Part of our consulting practice is helping our clients select salespeople. Therefore, we interview a lot of candidates. More often than not, we hear from candidates young and old “I sell on relationships”, “developing relationships is most important”, “my business is built on relationships” and on and on.
Four Relationship Scenarios
When you think about relationships with customers or prospects they pretty much fall into one of four categories:
- You have a relationship AND you have the business.
- You have a relationship and wish you had the business, but you don’t.
- You have no relationship, but still have the business.
- You have no relationship AND you don’t have the business.
In categories 2 and 4, you have to outsell your competition. You have no other choice. Time spent on developing a relationship is pretty much wasted. It’s not that relationships aren’t important, you just don’t have one, so get over it and try something else.
Does No Relationship Mean No Sale?
Of course not! If you have what you think is a strong relationship, but have yet to secure significant business from your prospect, it is quite likely your competitor has a stronger and deeper relationship with the account. Oh, oh, now you must rely on selling skills and not relationship building skills. You have to do some serious qualifying, ask some difficult questions and decide if you have any chance of getting the business.
Try This Approach
You have nothing to lose and everything to gain at this point.
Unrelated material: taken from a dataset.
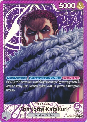 Charlotte Katakuri is a 5000-power purple leader with the standard stat of 5 life and the following leader ability: " [When Attacking]/[On Your Opponent's Attack] [Once Per Turn] DON!! -1 Look at 1 card from the top of your opponent's deck. Then, this leader gains +1000 power during this battle."

Try asking questions along the lines of:
“You know, Fred, we’ve known each other a long time and I you know I would really like the opportunity to show you how we can (save you money, improve quality, provide better lead times, reduce inventory, etc). What do I have to do to earn that opportunity?”
OR
“Fred, I’ve been calling on you a long time and haven’t been able to convince you to favor me with your business. May I suggest something new; how about we start over? I want to set a time to call on you as if we had never met. I will come in we will discuss all we can do to make your life better and easier. This will be a real sales call. All I ask is this; at the end of the session you tell me that you will give me the opportunity to show you what we can do by placing some orders with us. Or, you tell me I have no chance of getting any business and we can continue as friends with no expectations of doing business together. Would you agree to that?
Is this a bold move? You bet it is. But where are you now….nowhere! You should spend your time calling on prospects where you have real opportunities and NOT developing relationships that lead to no business.
Time is your most precious asset; don’t waste it.